Дед прочитал в «Известиях» фельетон о плохой работе службы быта, задумался.
— А и у нас в городе не лучше парикмахерские работают, — сказал он. — Я тоже как-то зашел постричься на вокзал, так битый час прождал. Два мастера всего. А как работают? Хи-хи-хи да ха-ха-ха между собой, а мы, значит, жди. Безобразие. Ну я взял и написал в нашу областную газету. Вскоре приходит ответ: факты подтвердились, одна из парикмахерш переведена на месяц уборщицей. — Дед положил «Известия» на тумбочку, спрятал руки под одеяло. — А прошлой зимой, — продолжал он, — возле нашего дома (а он у нас со старухой частный) прокладывали траншею.

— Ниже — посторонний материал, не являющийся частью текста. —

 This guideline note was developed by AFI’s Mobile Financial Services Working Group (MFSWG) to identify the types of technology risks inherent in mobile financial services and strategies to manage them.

Ну, экскаваторщик и давай мерзлую землю этим, клином — или как его? — долбить. От ударов у нас печка развалилась. Я — раз! — и в газету. Безобразие, мол…

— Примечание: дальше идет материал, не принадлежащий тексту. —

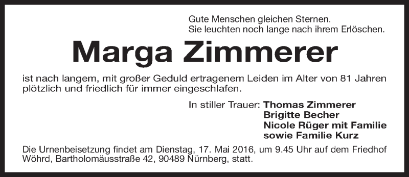 Hier finden Sie alle Traueranzeigen aus der Zeitung, die bisher für Marga Zimmerer erschienen sind. Weitere Traueranzeigen, die in der Zeitung erscheinen, werden hier ebenfalls aufgelistet

— Ты, дед, смотрю, часто пишешь, — перебил Хвостова Славка.
— А чего не писать? За это даже деньги платят.
— И сколько ж тебе за экскаваторщика заплатили?
— За него не заплатили, только печку помогли переложить. А вот за заметку про попа Авдея я получил… э-э… двенадцать или пятнадцать рублей — давно это было, в двадцать восьмом году. Пьяница у нас в деревне поп был, ну я его и протянул.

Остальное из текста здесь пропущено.